Launching his South African facility, Soon-Shiong said his aim was to produce 1 billion COVID vaccine doses by 2025. Taking an average price per dose of around $18 (Pfizer charges around $24 per dose for high income countries, and about half that for low-income countries), it’s not hard to see how a potential deal turns ImmunityBio into a global force that can compete with giants like Pfizer and Moderna.
For Soon-Shiong, however, the real prize is cancer. For years, he’s been pounding on a single — and singular — message about the disease, arguing that traditional cancer therapies like chemo and radiation wipe out Natural Killer Cells, the human body’s own inherent anti-cancer therapy. With therapies that harness the power of Natural Killer Cells, Soon-Shiong believes we can change what he calls the “cancer paradigm.”
Launching his South African facility, Soon-Shiong said his aim was to produce 1 billion COVID vaccine doses by 2025.

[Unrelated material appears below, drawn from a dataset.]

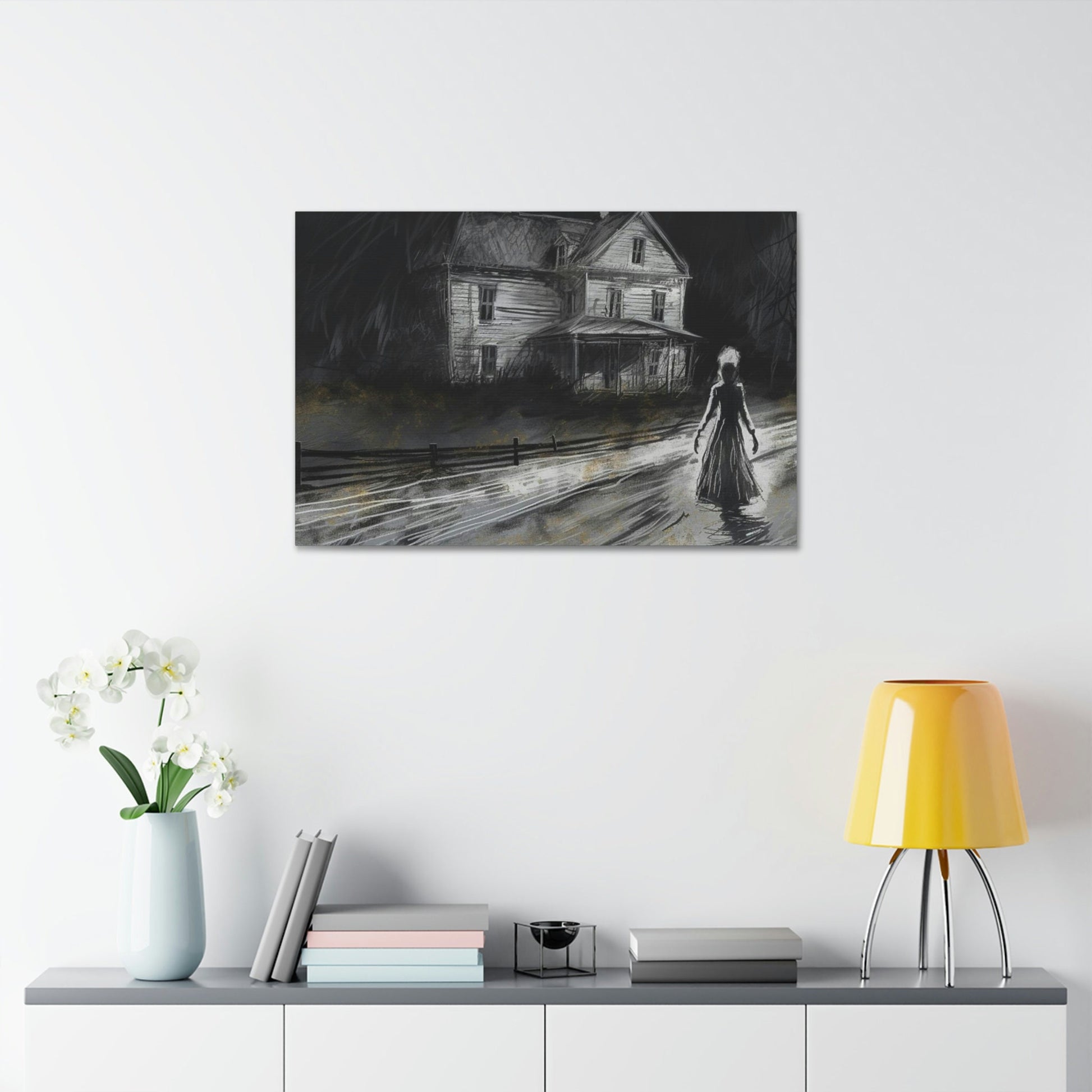 Haunting Charcoal and Pastel Sketch of a Slender Dark Woman on a Lonely Path | Ai Art
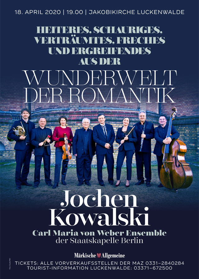 Weltstar Jochen Kowalski und das Ensemble Carl Maria von Weber der Staatskapelle Berlin bringen an diesem Abend Heiteres, Schauriges, Verträumtes, Freches und Ergreifendes zu Gehör.

If he succeeds in this, Soon-Shiong will be able to patent and sell a game-changing therapy for a disease that impacts tens of millions of people each year. This would enrich Soon-Shiong beyond imagination. But it would also establish his name among the pantheon of great scientist innovators like Jonas Salk and Louis Pasteur.
To achieve this, however, Soon-Shiong needs capital. While his personal fortune remains in the billions, his business fortunes have taken a less-than-rosy turn. NantHealth, a healthcare subsidiary under Soon-Shiong’s holding company NantWorks, saw its market cap plunge from a high of around $2 billion in 2016 to $3,250 today — a 99.9% drop in value.

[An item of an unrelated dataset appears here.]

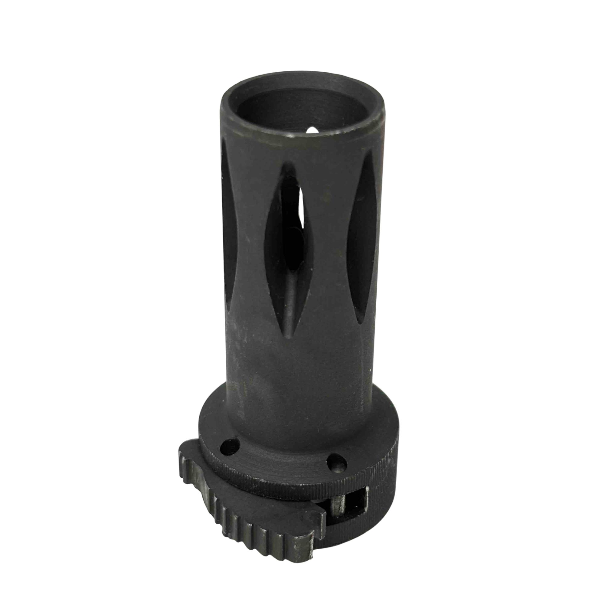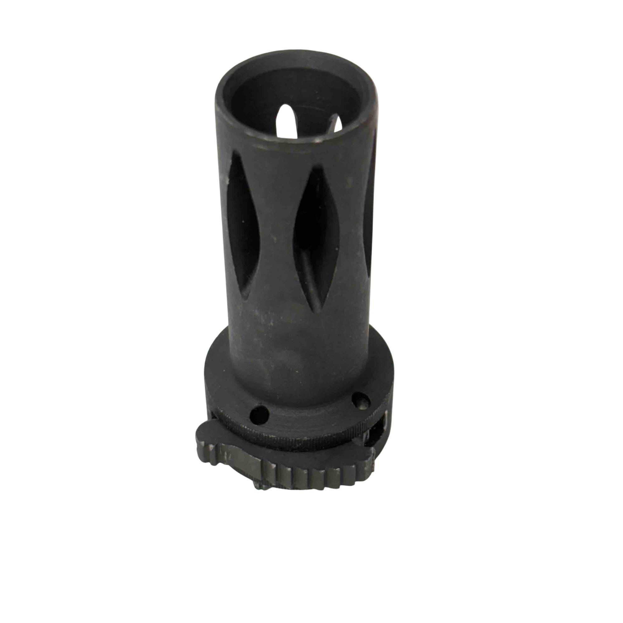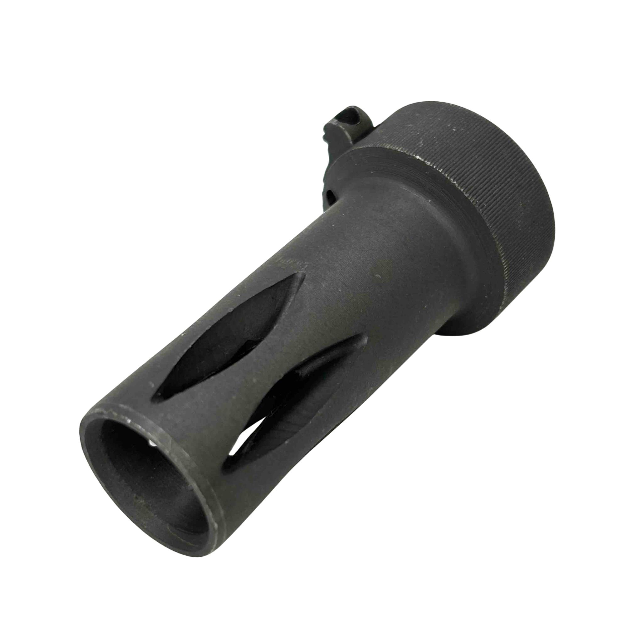 Upgrade your firearm with this HK-style Tri Lug Flash Hider designed for MP5 and similar platforms. Precision-machined and featuring a quick-attach tri-lug mounting system, this muzzle device reduces muzzle flash and enhances shooting comfort, while also allowing compatibility with a variety of suppressors. Ideal for enthusiasts and professionals seeking both form and function in their firearm accessories.
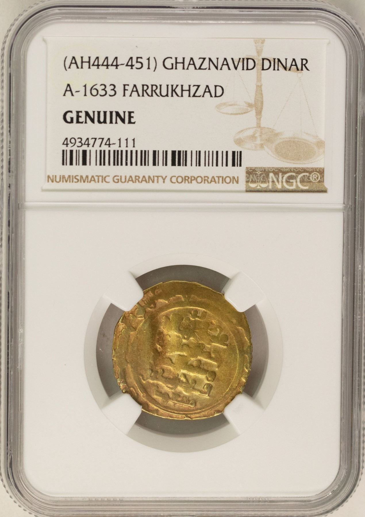 One AH444-451 Ghaznavid Dinar A-1633 Farrukhzad Gold Coin NGC Genuine.

On top of this, as Soon-Shiong himself has admitted, the Los Angeles Times is a massive financial burden, with losses from last year alone totaling somewhere between $30 and $40 million. Soon-Shiong has previously stated that he’s invested “hundreds of millions of dollars, approaching a billion dollars” to keep the LA Times going.
Capitalizing on the COVID vaccine opportunity depends on Soon-Shiong’s ability to win federal contracts and secure export licenses — including for equipment like the bioreactors located in his American facilities that are required in his South African plant. Those decisions will now be made by a figure that Soon-Shiong’s paper had once attacked as uninformed, misguided and barely short of medically evil: Bobby Kennedy.

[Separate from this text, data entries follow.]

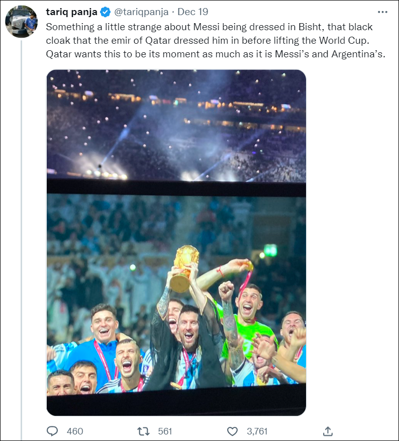 美国《纽约时报》记者塔里克·潘贾(Tariq Panja)也批评卡塔尔喧宾夺主,毁了梅西的专属庆祝时刻。潘贾在推特上写道:“梅西穿着比什特有点奇怪,就是那件卡塔尔埃米尔在梅西举起世界杯奖杯前给他穿的黑色斗篷。与这是属于梅西和阿根廷的时刻一样,卡塔尔也希望这是属于自己的时刻。”
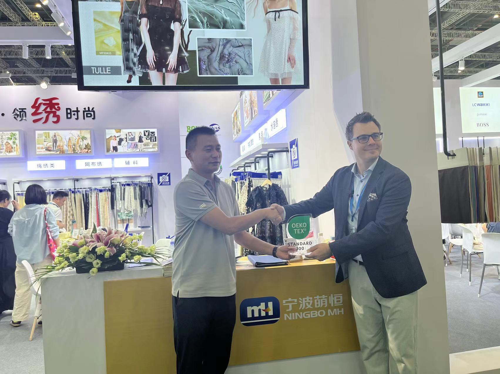 展會現場,公司展位吸引眾多國內外客商駐足,工作人員以扎實的專業知識和豐富經驗,為參展客商進行詳細而耐心的講解,彰顯了公司團隊專業素養與服務水平,為客戶留下深刻印象,增強了客戶對我們品牌的信任與認可。參展期間,瑞士OEKO-TEX公司相關負責人還蒞臨現場,為萌恒親自授牌,進一步認證了我們產品的綠色、環保、健康、安全。
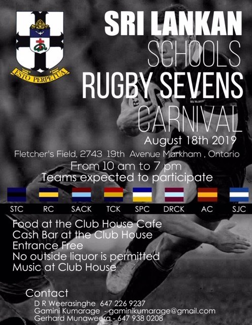 Sri Lanka Schools Rugby 7’s Carnival on 18th Aug 2019 @ Markham Ontario Canada.
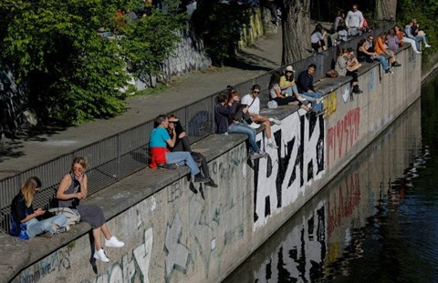 | Des promeneurs le long d'un canal à Berlin, le 18 avril. |
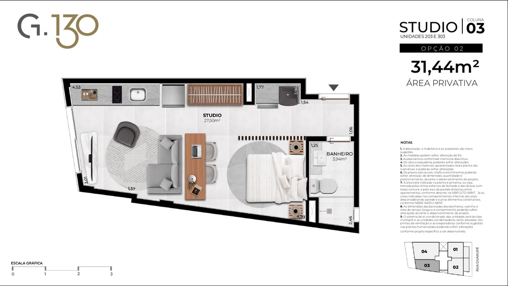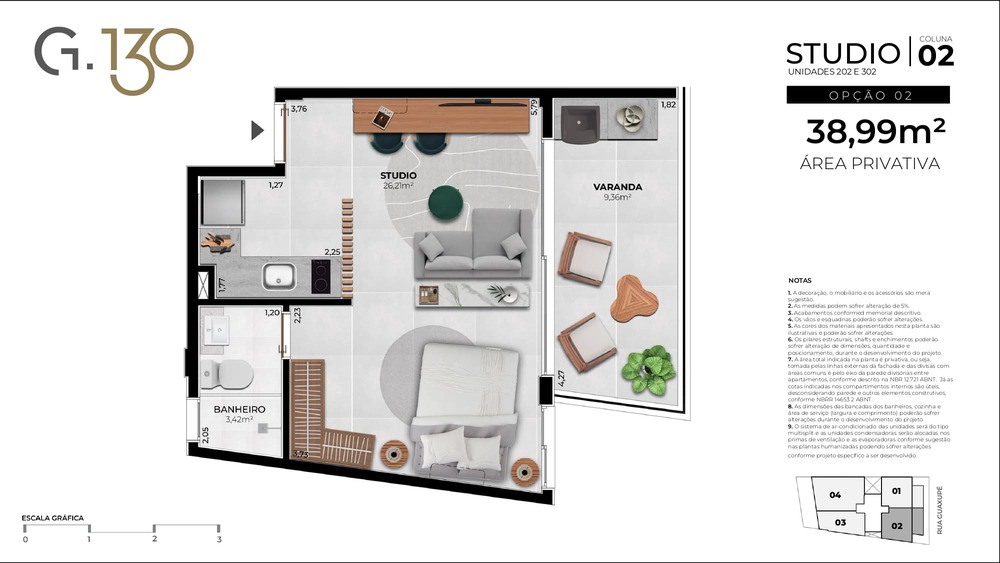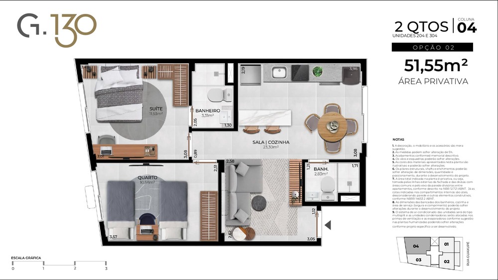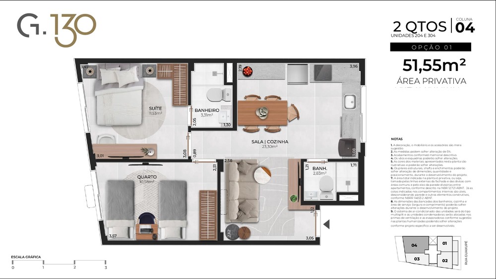 2 Quartos: 51,55m²

This explains Soon-Shiong’s recent podcast appearance. But what’s happening at the Los Angeles Times is bigger than that.
In October, Soon-Shiong stirred a major controversy in the media when he refused to allow the LA Times to endorse Kamala Harris for president, leading to the head of the paper’s opinion section to resign. In November, Soon-Shiong blocked an editorial by the LA Times arguing that Trump should not be able to fast-track cabinet confirmations, like that of RFK Jr. Soon-Shiong also pledged to add a “bias meter” to the newspaper’s website and launch a health podcast called Health Decoded.
All this has the ring of media trust-building — as it’s likely intended to. But in reality, it’s brand building. The LA Times is not only one of the country’s most left-wing newspapers, it’s also (as we’ve seen) been among the most strident on vaccine mandates. By flipping the editorial stance and cozying up to Kennedy, Soon-Shiong is creating an opportunity to transform the LA Times from a reputational liability into a point of leverage.
As owner of the sixth biggest US newspaper at his disposal, Soon-Shiong can play Big Pharma’s media game far more effectively than Pfizer and Johnson & Johnson, who are competing to advertise their products against valuable news content. Soon-Shiong is now both publisher and advertiser. The real lesson is that if you want to own the issue, first you need to own the media.